» AIM OF THE TASK
From the first line of the material to the line containing "Мужской серебряный перстень", inclusive, write out each line exactly, leaving out the pictures.

» DATA EXTRACT
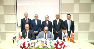当地时间10月13日,中国化学董事长莫鼎革、印度拉玛控股公司执行董事穆库尔·阿格拉沃尔、埃及磷酸盐公司董事长穆罕默德·阿卜杜勒-阿齐姆...
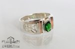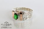 Мужской серебряный перстень с золотом и зелёным фианитом
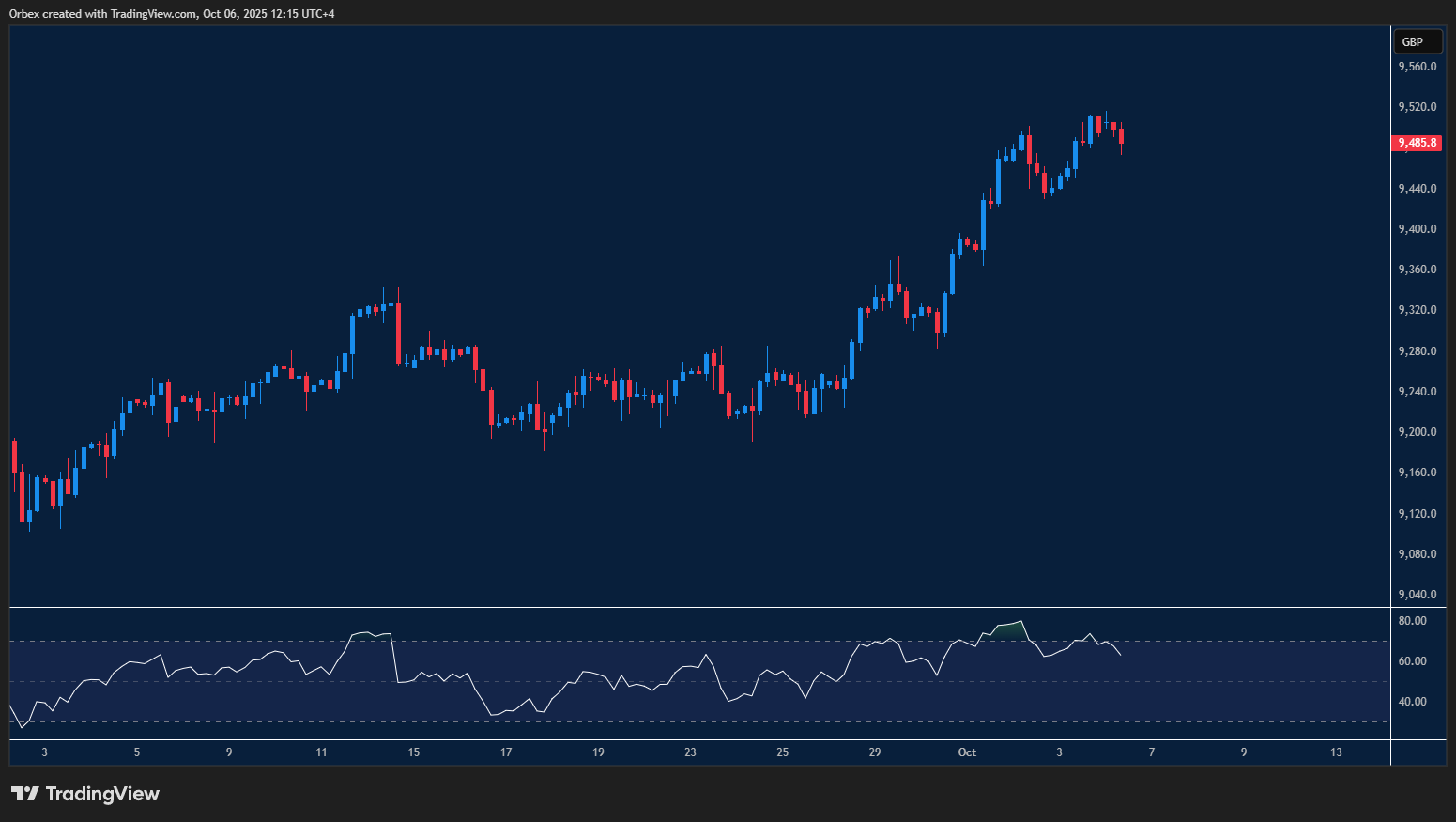 The FTSE continues to climb, and the index has so far found support at 9440 as price action creates a bullish channel, offering buyers some relief. Still, they are not out of the woods yet, as the latest bounce could be due to short-term sellers’ profit-taking, with some support from bargain hunting. 9550 is the next test higher, and a bullish breakout could extend the rally. However, a fall below 9400 could cause a reversal towards 9180 at the base of the latest move.

» SOLUTION FOR THIS PROBLEM
当地时间10月13日,中国化学董事长莫鼎革、印度拉玛控股公司执行董事穆库尔·阿格拉沃尔、埃及磷酸盐公司董事长穆罕默德·阿卜杜勒-阿齐姆...
 Мужской серебряный перстень с золотом и зелёным фианитом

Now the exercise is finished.